RIP Dennis Hopper

May 29, 2010 at 10:41 pm (mainstream, Uncategorized)

From Mtv:

Actor Dennis Hopper — star of “Easy Rider,” “Blue Velvet,” “Giant” and many other films — died Saturday of prostate cancer at his Los Angeles-area home, according to The Associated Press. He was 74.

The two-time Academy Award nominee, who announced through a manager in the fall of 2009 that he had been diagnosed with the disease, was surrounded by family and friends at the time of his death, friend Alex Hitz told the AP.

The actor directed, co-wrote and starred in directed 1969’s “Easy Rider,” perhaps the most memorable film of his wildly erratic, nearly six-decade-long career. In that classic, generation-defining film — which also established Jack Nicholson as a major star — he and Peter Fonda played motorcycle-riding hippies “in search of America.” The film was a Hollywood success story; it was produced for less than $500,000 and ultimately earned in excess of $40 million. “Easy Rider” also earned two Academy Award nominations, including a shared screenplay nod for Hopper, Fonda and Terry Southern.

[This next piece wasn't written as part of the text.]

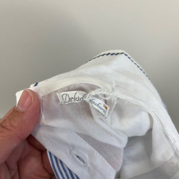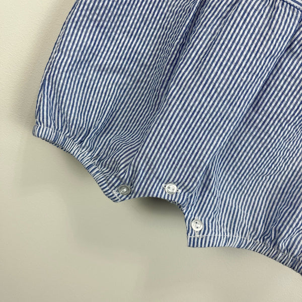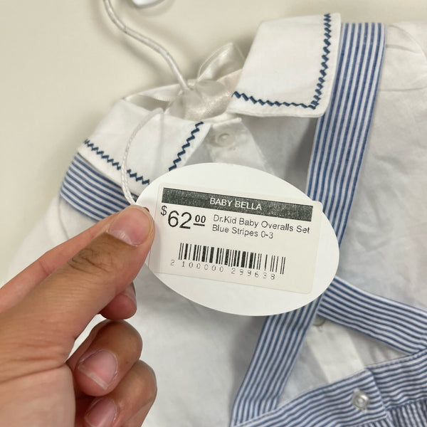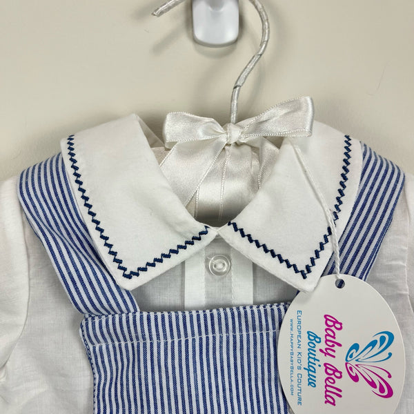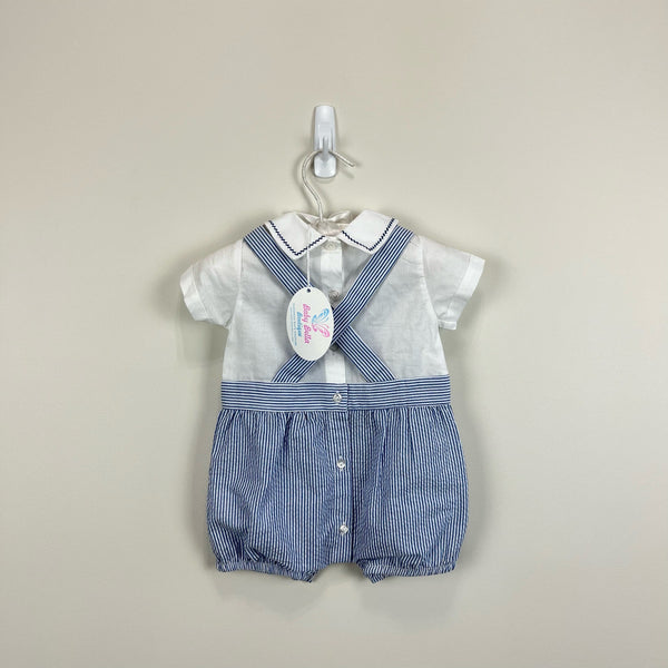 Dr. Kid Blue Striped Shortall Romper Set. Baby boy size newborn. Brand new with tag (NWT). Traditional blue and white striped summer overalls with matching short sleeve collared shirt. From Portuguese designer.
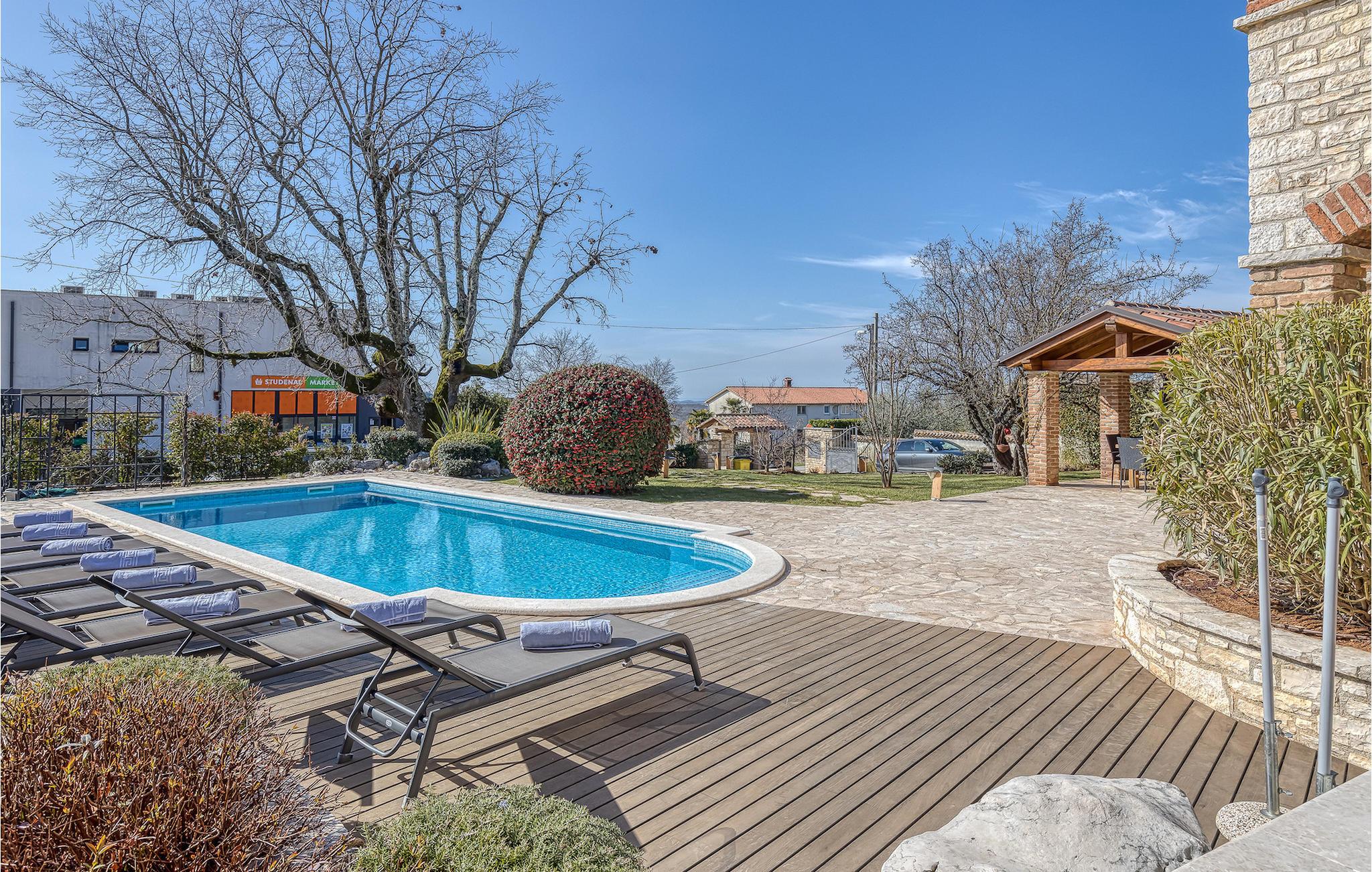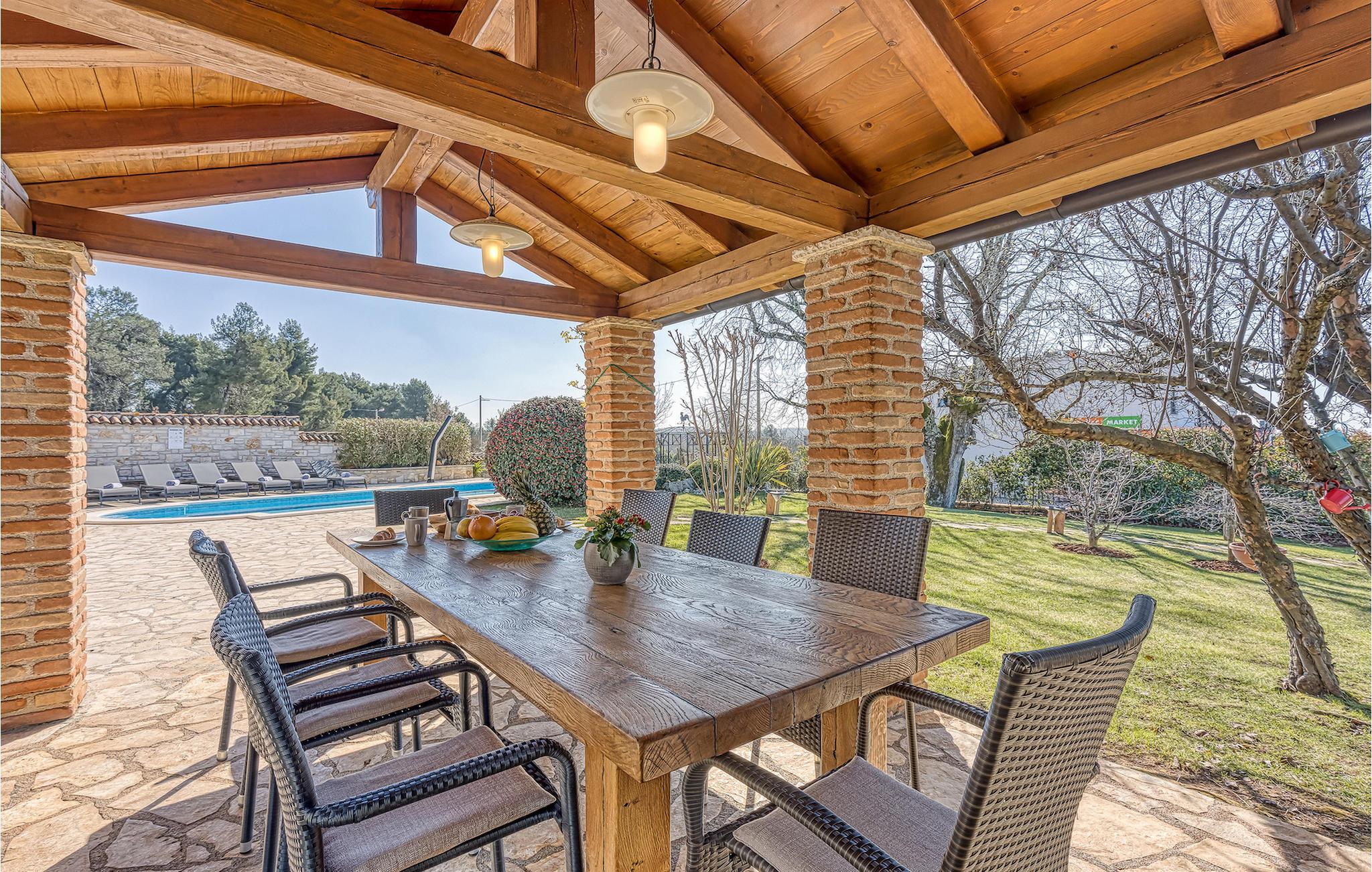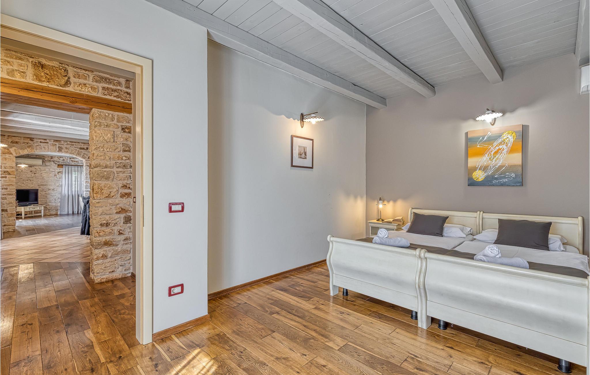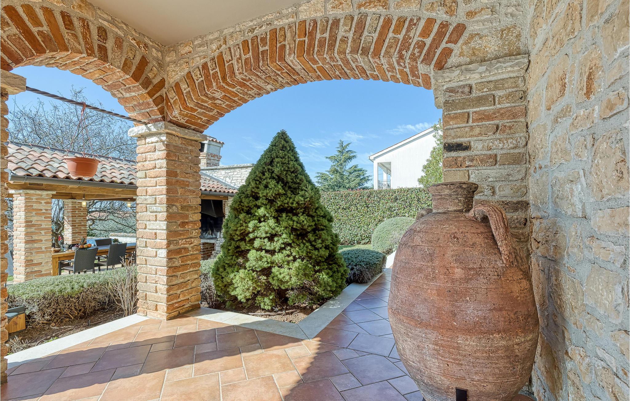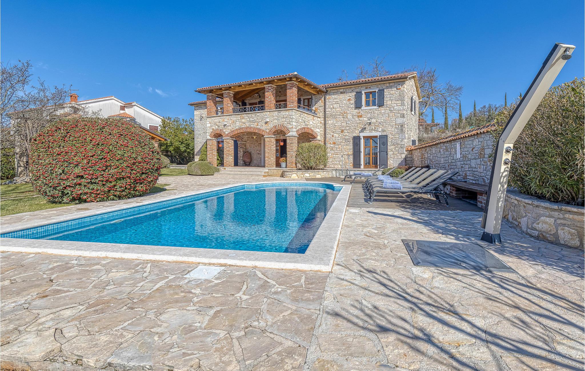 Villa Graziella er en traditionel istrisk ædelsten beliggende i landsbyen Baderna nær Porec. Huset er bygget i 1905 og totalrenoveret i 2008, uden at miste sin karakter. Du vil blive imponeret over det ydre med en omhyggeligt plejet have og den store pool. Et perfekt landskab til at få en kølig drink, ligge på en af solsengene og se børnene lege. Den overdækkede udendørs spiseplads med grill får dig straks til at drømme om frisklavede lækre måltider. Men lad os gå indenfor... Stueetagen har en hyggelig stue med pejs og et køkken med spiseplads til op til 8 gæster. Alt er holdt i en meget varm og rustik stil - giver dig en følelse af hjem. På samme etage finder du et soveværelse med eget badeværelse. Trætrapper fører til de 3 hyggelige soveværelser med moderne ensuite badeværelser på første sal. Et af soveværelserne har udgang til den smukke altan, hvor du kan nyde en stille morgenkaffe eller blot slappe af, mens du læser din yndlingsbog. Baderna er en charmerende istrisk, malerisk landsby nær byen Porec, Adriaterhavets berømte og prisbelønnede mesterperle. Baderna ligger 10 kilometer fra havet, isoleret fra byernes sus, samtidig med at det er strategisk beliggende nær krydset mellem de vigtigste turistruter i Istrien. Alt hvad du behøver er der: posthus, en købmand, en tankstation og et par restauranter. Istriske turistperler: Opatija, Rovinj, Pula, Trieste, Koper, Piran, Portoroz, Umag og Novigrad er mindre end en time væk, så du skal kun vælge, om du vil slappe af omgivet af olivenlunde og vinmarker, nyde den istriske eno-gastronomi delikatesser, eller gå på opdagelse i omgivelserne. Huset er perfekt for familier til at nyde en fantastisk ferie i et roligt sted, men ikke for langt væk fra seværdigheder, strande og attraktioner. En bil anbefales.

Born in Kansas on May 17,1936, and raised in San Diego, Hopper made his mark in movies as a teenager, starring with James Dean, whom he idolized, in the 1950s classics “Rebel Without a Cause” and “Giant.”

His career followed a bumpy path over the decades, veering between fame and obscurity — due in equal measure to substance abuse and his legendarily rebellious personality — before being permanently revived by his memorable 1986 role as the psychotic Frank in “Blue Velvet.” He appeared in dozens of films over the years, including “Apocalypse Now,” “Hoosiers,” “Speed,” “River’s Edge,” “Rumblefish,” “True Romance,” “True Grit” and “The Texas Chainsaw Massacre 2,” to name just a few; he also made many television appearances, including “24” and “The Twlight Zone.” His directing credits included “Colors,” “The Hot Spot,” “Chasers” and “The Last Movie,” his disastrous 1971 follow-up to “Easy Rider,” the production of which was so erratic that it effectively blackballed him from the film industry for years.

Hopper’s personal life was no less dramatic than his work: Married five times (including an eight-day marriage to Mamas & the Papas singer Michelle Phillips in 1970), he struggled for many years with alcoholism and drug abuse before becoming sober in the 1980s. He filed for divorce from his fifth wife, Victoria Duffy, in January, after 14 years of marriage and one child (daughter Galen Grier). He was also an avid photographer and art collector.

Hopper appeared frail when he was awarded with a star on the Hollywood Walk of Fame in March of this year.

His work will continue: In September he will be heard as one of the lead voices in “Alpha and Omega.”

Hopper seemed to be acutely aware of his own mortality, telling Time magazine in 1986: “I thought I’d be dead before I was 30. Turning 40 stunned me. Fifty is a major miracle, and I think I may even make 70.”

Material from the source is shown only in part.